However, when it comes to pitching documentaries, Lloyd said ITV was open to many different ways of partnering. “The higher the amount of funding that comes with it, the better the documentary. We’re already looking at blockbusters and premium documentaries, and we have pretty helpful tariffs at ITV. So, if you can bring copro funding to get the budget over £400,000-500,000 per episode, that’s a healthy budget and a really great boxset,” she said.

A case in point is ITV’s success with The Other Mrs. Jordan – Catching The Ultimate Conman, a boxset commission that landed on ITV last October and was “a step away from our usual documentary,” observed Lloyd. The three-part documentary about William Allen Jordan, a CIA agent and serial bigamist, is based on the book by his victim wife, Mary Thomson, and was coproduced by October Films and BAFTA-winning filmmaker Matt Smith and his prodco Circle Circle Films.

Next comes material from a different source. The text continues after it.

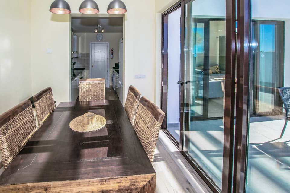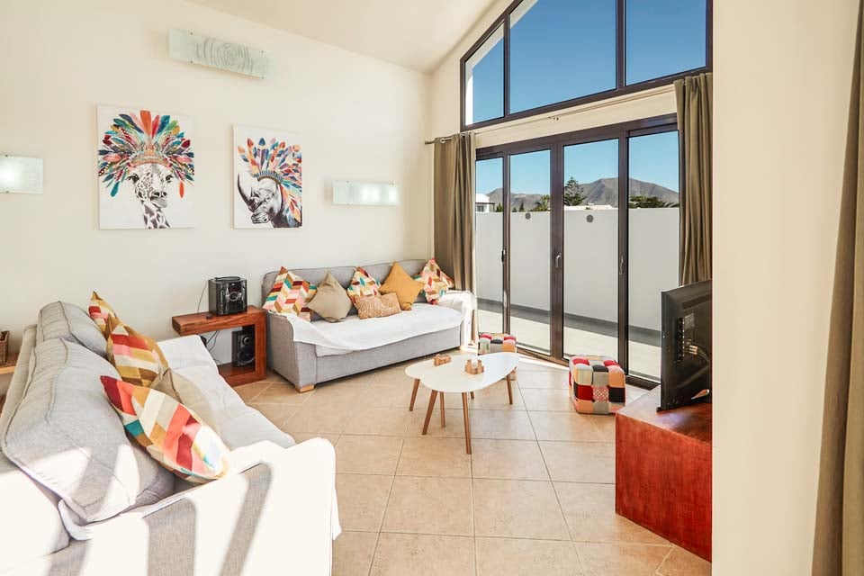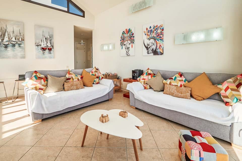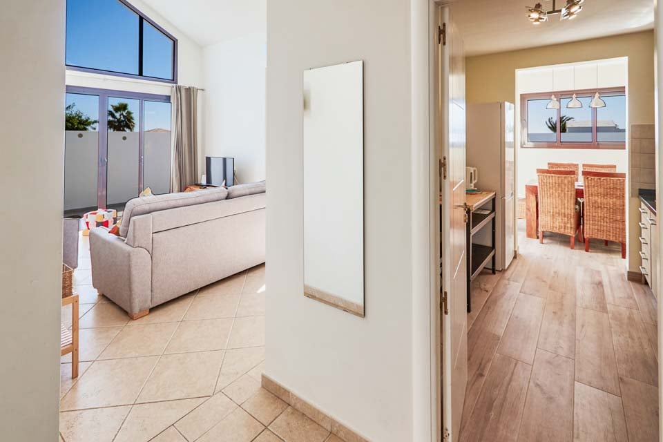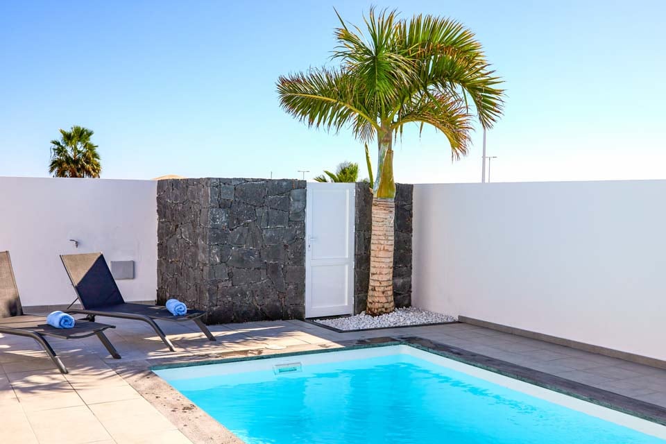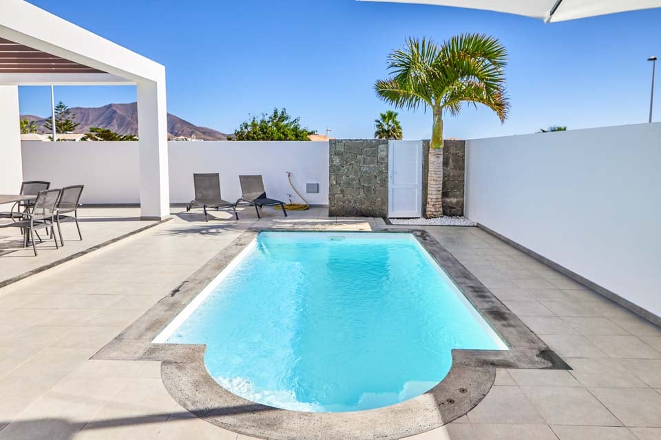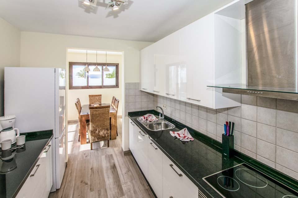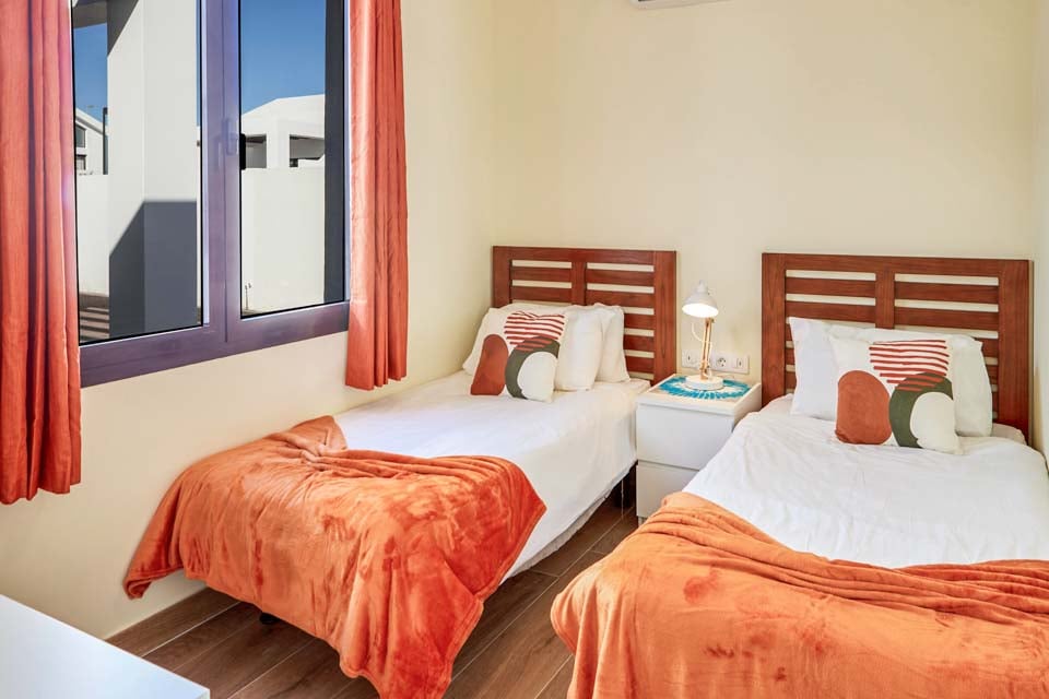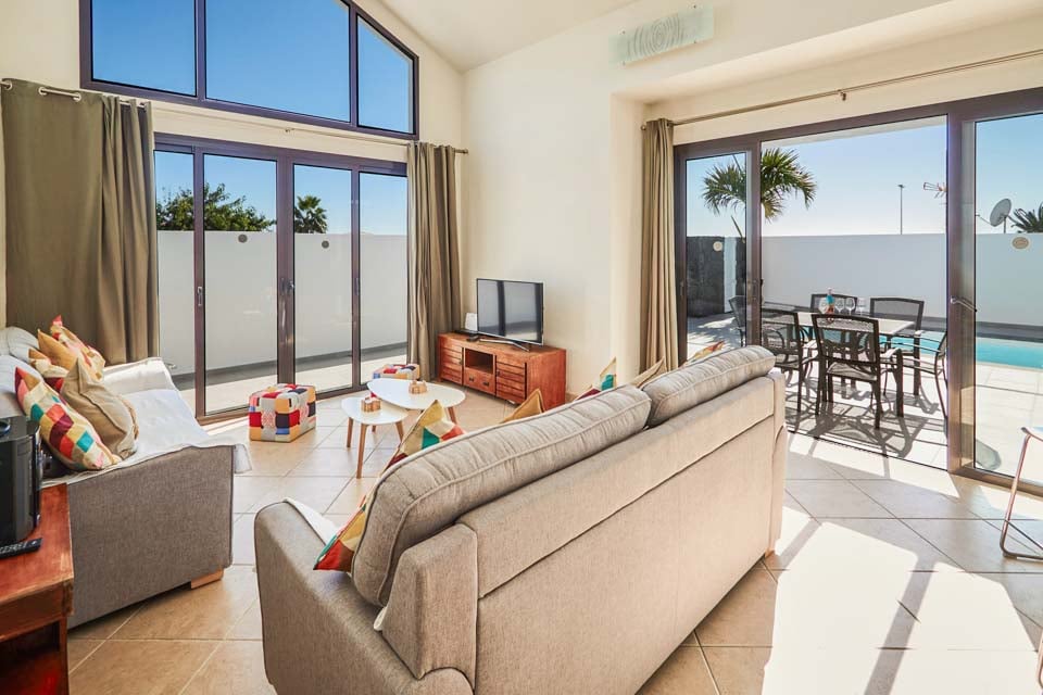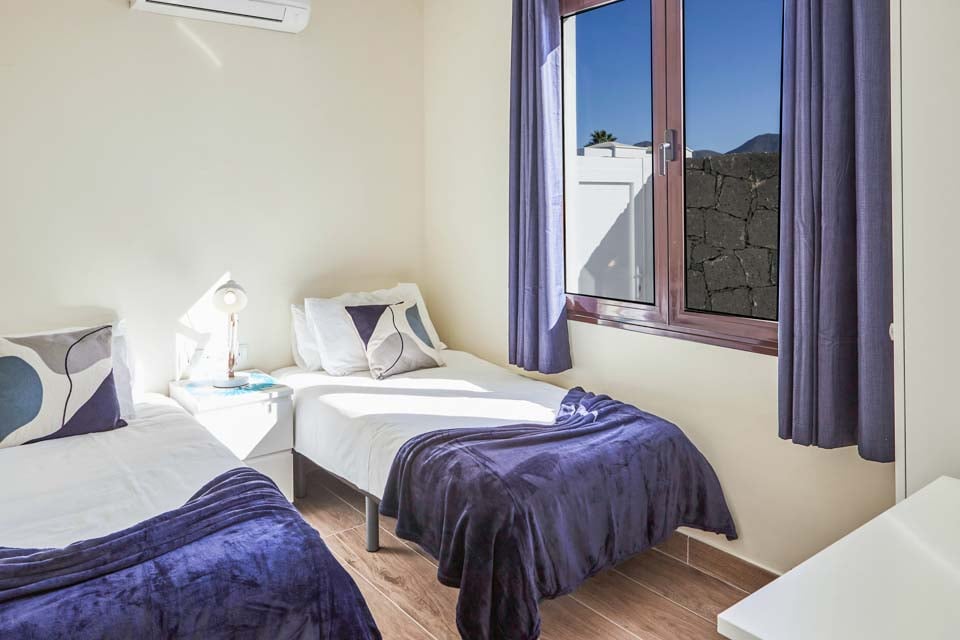 Binnenin biedt Villa Buganvilla vier ruime slaapkamers, allemaal minimalistisch ingericht met koele airconditioning en beige vloertegels. De hoofdslaapkamer beschikt over een eigen badkamer en openslaande deuren naar het terras bij het zwembad. De comfortabele woonkamer heeft hoge plafonds en openslaande deuren die van de vloer tot het plafond reiken, waardoor er veel natuurlijk licht de kamer binnenstroomt. Er is ook een smart-tv aanwezig, voor gezellige filmavonden met het hele gezin. Als alternatief kunt u voor een avondje uit naar het centrum van Playa Blanca, dat op slechts 25 minuten loopafstand ligt. Daar vindt u een scala aan bars, cafés en restaurants die heerlijke tapasmenu's, versgemaakte cocktails en lokale bieren serveren.
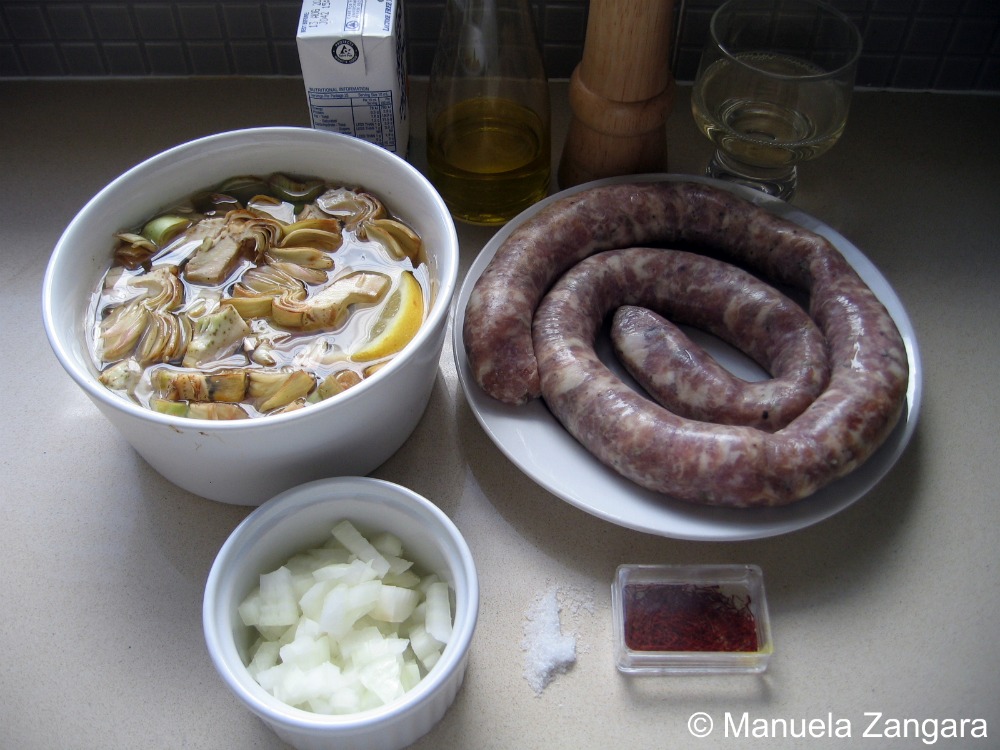 We all love sausage in our family. When I say sausage I am referring to the Italian style sausage made of pure pork. I am lucky enough to find some good quality Italian style sausage in Sydney, nonetheless I often make it at home from scratch, as nothing beats home-made things (I used my home-made sausage fro this recipe). The sausage l prefer is the Sicilian one, made of pure pork and with fennel seeds… it is great for a barbecue but it is also delicious with risotto and pasta. Today l want to share with you a recipe that l originally came up with to use up a few left overs and that has since then made regular appearences on our dinner table. It is a very simple dish to make and it tastes really good. It is perfect for a dinner party as the addition of cream and saffron makes it elegant enough to impress your guests! Buon appetito!

Advising producers on the range of opportunities available to work with ITV, Lloyd said she was on the lookout for “big, broad ideas, big-name talent, whether it’s a boxset, whether it has access, is a reality series following big talent, or a big idea with interest from American networks and looking for interest from UK networks where we can co-fund. We are 100% moving into the global content market and are thinking about that back in the UK,” she said.

“If it’s a good idea it will generally find its way to us, and we’ll work with you to make it work,” Lloyd said.